An open hardware ISA
Producing an ISA is often hard and has little success per production. The aim is 64 bit native, 16 bit word addressing (no bytes directly) and an emphasis on code density. It's a work in progress and is free under MIT license.
BigRISC is the design ideal, with reducing the instruction set duplication to achieve computational use density. For example the WTO instruction makes a write target override of a 2 operand instruction unlike the RISC of long 32 bit opcodes first and then on to thumb like. Start small at 16 bit opcodes and expand some to 32 bit.
Given progress in caching and OoO it is no longer wrote practice that a load store architecture is superior. As code density can improve with memory to memory architecture and as a result more can be fit in a cache, the CISC is comming back but without inefficient junk such as too many addressing modes and infrequently used silicon area committals.
For example a floating point register set is not included as a separate set, and the main registers are used. This prevents them being left empty as wide SIMD registers become normal for floating point. 64 opcodes are reserved as prefixes for vector processing.
There are basically 20 registers, of which 8 are full function addressing registers (An), 8 are non addressing (Dn) but have a modulo carry at the instruction operation width to use the high part independently. The remaining 4 are the program counter (PC) and 3 other registers with automated indexing (IP, SP and RP). This is a good compromise on efficient opcode size. If all 16 main registers were fully addressing the last 4 could not exist and many opcodes would be removed. This would leave 15 plus the program counter, and code density would suffer badly. An extra 8 registers could be provided if addressing was only done through the 3 special registers (and fetches through the PC), but code density would again suffer.
A number of overly complex variant instructions were dropped, a new opcode format was decided and all operations can be performed on the An registers. This makes the Dn registers the lesser, but not having carrying into upper parts makes up for not needing the register to linearly address. It is reasonably easy to use them as 16 register halves at 32 bits each. As the only thing Dn registers can't do is address, this is not too big a restriction. If you overflow the An registers at a narrow width it will affect the high order and besides that they too can be used in halves or quarters.
There are no complex modes on An registers to mess with compiler writer's heads. There are pre and post inc or dec to some extent on the 4 other registers, but in strange and situation useful ways. In fact it is impossible to get normal addressing with these. Floats and doubles will not load into these special 4 as the instruction space is better used. The PC as a source or target is specially handled for situations where it would make no sense to do an opcode. These opcodes become other operations making a 16 bit opcode quite possibility dense. This density wouldn't be possible with the 16 addressing register alternative but would with the 28 data register alternative.

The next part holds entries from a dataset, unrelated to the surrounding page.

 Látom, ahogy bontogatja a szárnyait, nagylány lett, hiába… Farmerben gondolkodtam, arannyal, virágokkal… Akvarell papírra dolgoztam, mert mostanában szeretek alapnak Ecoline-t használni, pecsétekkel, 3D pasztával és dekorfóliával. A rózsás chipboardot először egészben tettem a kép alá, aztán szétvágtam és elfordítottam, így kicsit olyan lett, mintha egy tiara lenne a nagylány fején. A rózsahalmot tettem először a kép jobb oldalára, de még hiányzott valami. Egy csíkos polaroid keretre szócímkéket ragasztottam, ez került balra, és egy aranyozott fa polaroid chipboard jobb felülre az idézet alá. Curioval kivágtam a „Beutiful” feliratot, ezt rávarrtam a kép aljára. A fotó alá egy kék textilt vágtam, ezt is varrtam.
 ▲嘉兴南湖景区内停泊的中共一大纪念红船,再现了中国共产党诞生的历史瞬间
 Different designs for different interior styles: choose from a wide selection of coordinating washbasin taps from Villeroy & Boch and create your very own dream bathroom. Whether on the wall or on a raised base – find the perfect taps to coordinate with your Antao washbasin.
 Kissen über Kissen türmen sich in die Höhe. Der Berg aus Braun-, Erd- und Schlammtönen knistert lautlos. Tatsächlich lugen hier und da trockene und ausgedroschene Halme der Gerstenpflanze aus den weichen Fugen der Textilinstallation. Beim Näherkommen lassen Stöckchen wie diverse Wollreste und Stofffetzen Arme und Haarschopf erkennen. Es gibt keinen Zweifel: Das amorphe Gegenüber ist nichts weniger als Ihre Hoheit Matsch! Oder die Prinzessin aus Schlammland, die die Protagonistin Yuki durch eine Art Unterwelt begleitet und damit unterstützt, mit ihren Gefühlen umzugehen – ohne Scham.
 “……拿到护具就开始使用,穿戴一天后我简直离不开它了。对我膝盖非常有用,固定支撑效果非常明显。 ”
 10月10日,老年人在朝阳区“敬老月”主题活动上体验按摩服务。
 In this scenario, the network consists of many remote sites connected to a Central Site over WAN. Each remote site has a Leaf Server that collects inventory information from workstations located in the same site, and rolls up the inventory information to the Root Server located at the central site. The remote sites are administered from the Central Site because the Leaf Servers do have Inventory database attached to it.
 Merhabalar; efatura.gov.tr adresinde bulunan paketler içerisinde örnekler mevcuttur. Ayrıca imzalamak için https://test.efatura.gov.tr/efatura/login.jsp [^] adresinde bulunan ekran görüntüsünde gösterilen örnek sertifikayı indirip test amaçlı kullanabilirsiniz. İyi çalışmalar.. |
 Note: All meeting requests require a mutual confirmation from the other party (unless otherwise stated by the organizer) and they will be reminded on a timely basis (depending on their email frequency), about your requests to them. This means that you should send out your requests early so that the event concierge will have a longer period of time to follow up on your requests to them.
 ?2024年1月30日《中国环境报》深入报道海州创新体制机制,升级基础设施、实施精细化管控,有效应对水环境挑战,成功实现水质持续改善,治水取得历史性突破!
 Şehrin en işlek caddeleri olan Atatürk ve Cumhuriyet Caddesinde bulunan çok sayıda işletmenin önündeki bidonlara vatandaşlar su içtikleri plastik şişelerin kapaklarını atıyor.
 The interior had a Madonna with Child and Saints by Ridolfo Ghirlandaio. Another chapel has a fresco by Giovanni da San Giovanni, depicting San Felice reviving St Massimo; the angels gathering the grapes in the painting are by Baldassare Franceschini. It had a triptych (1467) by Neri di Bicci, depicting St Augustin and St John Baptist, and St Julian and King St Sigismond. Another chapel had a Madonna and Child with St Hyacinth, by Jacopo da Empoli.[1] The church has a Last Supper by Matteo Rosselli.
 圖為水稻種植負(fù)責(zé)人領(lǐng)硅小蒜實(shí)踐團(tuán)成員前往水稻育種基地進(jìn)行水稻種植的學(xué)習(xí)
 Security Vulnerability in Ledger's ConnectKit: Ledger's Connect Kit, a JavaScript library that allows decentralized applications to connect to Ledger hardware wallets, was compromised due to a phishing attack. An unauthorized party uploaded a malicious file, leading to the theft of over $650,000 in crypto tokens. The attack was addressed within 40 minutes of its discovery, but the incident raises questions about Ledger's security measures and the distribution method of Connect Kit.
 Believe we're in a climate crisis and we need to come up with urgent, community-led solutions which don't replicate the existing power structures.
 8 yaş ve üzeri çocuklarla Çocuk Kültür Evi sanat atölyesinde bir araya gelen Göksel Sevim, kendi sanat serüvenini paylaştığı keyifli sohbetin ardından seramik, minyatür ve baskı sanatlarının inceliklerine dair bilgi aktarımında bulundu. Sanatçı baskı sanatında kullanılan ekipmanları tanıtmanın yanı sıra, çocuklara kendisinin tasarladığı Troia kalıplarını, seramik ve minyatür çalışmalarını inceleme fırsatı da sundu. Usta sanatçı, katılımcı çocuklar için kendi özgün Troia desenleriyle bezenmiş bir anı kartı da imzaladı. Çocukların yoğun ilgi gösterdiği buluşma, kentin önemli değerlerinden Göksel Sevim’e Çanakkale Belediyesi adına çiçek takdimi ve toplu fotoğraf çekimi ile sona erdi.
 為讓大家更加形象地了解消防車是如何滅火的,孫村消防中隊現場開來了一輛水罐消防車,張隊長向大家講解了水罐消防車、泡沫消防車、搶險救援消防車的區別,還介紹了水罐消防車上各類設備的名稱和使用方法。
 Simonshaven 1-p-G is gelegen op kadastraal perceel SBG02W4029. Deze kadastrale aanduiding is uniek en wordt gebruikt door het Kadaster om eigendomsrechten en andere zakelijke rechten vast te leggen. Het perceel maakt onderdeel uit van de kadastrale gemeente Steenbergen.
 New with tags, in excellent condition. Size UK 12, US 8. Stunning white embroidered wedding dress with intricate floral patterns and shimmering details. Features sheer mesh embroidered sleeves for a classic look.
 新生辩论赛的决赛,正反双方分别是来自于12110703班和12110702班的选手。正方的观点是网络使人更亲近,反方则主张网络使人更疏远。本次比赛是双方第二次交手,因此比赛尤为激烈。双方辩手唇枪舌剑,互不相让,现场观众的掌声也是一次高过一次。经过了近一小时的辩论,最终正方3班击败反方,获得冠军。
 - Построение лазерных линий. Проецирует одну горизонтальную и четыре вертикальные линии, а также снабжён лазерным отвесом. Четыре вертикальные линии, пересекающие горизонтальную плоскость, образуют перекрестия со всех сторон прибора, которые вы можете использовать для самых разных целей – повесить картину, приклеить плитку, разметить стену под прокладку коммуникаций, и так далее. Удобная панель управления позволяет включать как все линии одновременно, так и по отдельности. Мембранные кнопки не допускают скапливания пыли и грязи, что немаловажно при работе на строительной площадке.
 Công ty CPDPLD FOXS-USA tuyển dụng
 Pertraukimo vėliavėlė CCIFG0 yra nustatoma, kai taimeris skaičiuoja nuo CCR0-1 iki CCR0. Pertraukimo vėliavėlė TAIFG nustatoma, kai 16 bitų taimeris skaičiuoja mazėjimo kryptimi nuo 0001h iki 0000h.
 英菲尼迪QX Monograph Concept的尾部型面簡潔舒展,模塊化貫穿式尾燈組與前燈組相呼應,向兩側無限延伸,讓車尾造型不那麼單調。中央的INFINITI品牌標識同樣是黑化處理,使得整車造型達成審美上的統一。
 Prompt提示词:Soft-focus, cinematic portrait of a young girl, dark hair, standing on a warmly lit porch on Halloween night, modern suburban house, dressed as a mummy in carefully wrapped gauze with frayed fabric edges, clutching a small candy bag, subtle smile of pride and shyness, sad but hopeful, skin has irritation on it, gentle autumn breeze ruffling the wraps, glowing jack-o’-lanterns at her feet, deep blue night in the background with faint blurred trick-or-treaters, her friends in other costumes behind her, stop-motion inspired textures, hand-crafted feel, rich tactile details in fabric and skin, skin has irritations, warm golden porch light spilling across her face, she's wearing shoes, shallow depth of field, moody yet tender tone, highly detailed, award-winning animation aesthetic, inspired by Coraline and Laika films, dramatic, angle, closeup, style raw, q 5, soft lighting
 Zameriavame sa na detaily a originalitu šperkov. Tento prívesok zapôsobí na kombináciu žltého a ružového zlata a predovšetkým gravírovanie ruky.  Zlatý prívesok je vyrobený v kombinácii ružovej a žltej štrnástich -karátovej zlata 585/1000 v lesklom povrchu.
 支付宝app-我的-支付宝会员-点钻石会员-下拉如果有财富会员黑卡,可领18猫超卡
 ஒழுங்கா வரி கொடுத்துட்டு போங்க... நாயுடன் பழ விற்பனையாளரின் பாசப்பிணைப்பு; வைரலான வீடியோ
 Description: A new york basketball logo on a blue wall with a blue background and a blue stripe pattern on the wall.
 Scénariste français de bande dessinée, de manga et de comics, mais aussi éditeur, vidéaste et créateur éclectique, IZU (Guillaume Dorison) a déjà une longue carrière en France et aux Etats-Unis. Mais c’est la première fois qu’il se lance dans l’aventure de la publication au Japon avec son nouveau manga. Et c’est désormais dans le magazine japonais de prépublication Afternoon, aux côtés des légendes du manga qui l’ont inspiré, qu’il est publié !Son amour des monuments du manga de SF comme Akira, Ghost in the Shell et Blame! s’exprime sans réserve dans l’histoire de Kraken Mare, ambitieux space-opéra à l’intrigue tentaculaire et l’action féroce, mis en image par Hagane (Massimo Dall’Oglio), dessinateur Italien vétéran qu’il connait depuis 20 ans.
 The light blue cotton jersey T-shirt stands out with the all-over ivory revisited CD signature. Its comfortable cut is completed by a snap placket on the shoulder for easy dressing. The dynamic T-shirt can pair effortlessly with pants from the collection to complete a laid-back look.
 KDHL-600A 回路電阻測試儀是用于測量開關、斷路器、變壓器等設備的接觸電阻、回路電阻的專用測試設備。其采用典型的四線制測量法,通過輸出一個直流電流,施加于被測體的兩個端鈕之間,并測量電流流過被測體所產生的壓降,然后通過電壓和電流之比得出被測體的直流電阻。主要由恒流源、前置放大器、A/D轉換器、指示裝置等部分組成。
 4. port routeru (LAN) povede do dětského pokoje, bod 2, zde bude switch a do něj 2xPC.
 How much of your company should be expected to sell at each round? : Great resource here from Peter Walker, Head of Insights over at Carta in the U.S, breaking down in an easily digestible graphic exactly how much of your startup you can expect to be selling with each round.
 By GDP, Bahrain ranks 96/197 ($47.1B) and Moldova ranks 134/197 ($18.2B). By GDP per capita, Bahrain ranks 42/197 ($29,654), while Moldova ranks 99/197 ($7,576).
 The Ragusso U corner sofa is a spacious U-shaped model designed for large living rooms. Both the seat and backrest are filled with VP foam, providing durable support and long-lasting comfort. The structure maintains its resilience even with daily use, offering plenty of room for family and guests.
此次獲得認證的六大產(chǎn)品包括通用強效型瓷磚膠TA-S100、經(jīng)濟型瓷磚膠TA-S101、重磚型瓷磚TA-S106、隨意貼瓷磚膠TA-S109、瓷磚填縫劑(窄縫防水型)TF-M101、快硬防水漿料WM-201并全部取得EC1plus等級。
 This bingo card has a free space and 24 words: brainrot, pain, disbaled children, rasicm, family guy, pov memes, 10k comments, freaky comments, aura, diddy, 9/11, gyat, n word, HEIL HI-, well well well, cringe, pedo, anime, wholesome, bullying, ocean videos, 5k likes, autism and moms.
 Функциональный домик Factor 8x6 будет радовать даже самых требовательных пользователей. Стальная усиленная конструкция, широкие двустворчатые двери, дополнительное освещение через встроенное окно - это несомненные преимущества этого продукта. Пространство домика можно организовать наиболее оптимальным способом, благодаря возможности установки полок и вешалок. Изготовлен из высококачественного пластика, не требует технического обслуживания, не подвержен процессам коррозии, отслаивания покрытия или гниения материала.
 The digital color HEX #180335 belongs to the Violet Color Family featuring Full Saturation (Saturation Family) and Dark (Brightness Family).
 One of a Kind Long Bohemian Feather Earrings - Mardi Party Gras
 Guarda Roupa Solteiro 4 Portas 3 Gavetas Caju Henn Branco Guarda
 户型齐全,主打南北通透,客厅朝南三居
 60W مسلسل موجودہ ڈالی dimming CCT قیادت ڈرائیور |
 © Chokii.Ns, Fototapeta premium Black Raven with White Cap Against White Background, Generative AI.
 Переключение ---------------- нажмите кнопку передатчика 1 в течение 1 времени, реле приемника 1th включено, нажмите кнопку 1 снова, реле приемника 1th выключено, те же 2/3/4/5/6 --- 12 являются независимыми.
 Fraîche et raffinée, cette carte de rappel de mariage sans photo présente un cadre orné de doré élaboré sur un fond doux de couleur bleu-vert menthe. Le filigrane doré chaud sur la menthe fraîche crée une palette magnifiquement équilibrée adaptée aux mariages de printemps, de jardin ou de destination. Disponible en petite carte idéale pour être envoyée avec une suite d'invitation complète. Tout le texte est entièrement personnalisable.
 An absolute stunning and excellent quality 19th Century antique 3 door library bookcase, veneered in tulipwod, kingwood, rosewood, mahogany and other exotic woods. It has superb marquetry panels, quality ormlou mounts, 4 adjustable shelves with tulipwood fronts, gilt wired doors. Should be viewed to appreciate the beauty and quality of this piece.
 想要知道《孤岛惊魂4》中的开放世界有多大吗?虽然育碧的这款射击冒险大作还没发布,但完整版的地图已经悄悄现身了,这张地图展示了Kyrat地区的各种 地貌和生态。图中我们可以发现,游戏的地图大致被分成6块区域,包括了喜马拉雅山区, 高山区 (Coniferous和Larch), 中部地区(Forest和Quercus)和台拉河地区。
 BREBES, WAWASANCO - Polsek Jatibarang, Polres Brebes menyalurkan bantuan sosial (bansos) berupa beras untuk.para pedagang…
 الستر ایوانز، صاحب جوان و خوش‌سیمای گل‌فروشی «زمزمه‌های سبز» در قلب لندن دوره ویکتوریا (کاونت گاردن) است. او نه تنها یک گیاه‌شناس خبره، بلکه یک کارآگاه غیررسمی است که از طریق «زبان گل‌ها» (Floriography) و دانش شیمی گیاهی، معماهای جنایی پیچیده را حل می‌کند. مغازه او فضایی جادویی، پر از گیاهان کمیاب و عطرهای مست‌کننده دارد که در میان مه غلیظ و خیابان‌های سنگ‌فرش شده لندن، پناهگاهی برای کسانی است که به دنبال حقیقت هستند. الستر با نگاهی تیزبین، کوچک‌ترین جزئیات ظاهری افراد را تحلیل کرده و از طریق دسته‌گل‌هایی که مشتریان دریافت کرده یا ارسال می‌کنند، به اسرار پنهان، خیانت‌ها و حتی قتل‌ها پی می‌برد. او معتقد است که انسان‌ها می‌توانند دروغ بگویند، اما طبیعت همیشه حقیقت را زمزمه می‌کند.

Faster multiple indexing looses 8 registers.
As yet nothing but a CFR (cache flush then read address) instruction has been decided. Being able to store floats and doubles in the An registers provides utility, and cache delays might make the 28 register variant better. Flushing the 3 non PC special registers to address might be hidden to some extent by cache delay, but code density would suffer pushing occasional data stalls into occasional fetch stalls. Neat subroutine handling and compact direct threading of code address can substantially decrease code size, so changing the preferred automated index modes was not really an option. Keeping the cache bus open for data reads is where the gain is imagined in the linked list pointer chasing.
SIMD is just more a thing than MISD oppertunity. Using compact data forms was the reason word, long and quad is available on almost all instructions. Byte might have been good but the bit could not be wasted. Along with Unicode and half size manipulations this is something that is still reasonable to do. A fast indexed form of UTF-8 is more of a software issue. Code pages will still be a compressed solution for some data processing tasks, even if the underlying disk is compressed.
LBL is used to make a label. It makes parsing consistent. DAT is used to make a data entry of specific size. PC immediate mode is by # prefix or (PC+) and DAT of correct length. All quick format instructions use # prefix for literal consistency. ORG is for origin of assembly. STR is for a UTF-16 string. WRI is for a writeable origin which could contain code but advised against it. BLK is for allocation of blank space, or a rounded up amount.
Apart from few exceptions the format is regular. The most notable exception so far is CLR. This clears a register but uses the read early src operand slot and not the write slot. This makes sense for early retirement of the instruction with dependent earlier writes still in the pipeline, and the src operand decode of the register can gate a reset on the register. As this has a low cycle latency the clear does not delay the pipeline a read register waiting on writing would never happen. In a similar way MOV could complete early as long a synthetic wait on the target happens to stop movement overwrite happening too early to be undone later in the pipeline.
The high regularity makes for easy encoding. In practice I think a stategy of flexible encode with a comprehensive decode and equality test is the best way to point out any mnemonic errors. It prevents duplication of parse logic and cuts opportunity for errors. This dissembly checking builds the assembler out of the simulated decoder and forces design of a cannonical decoder from binary machine words.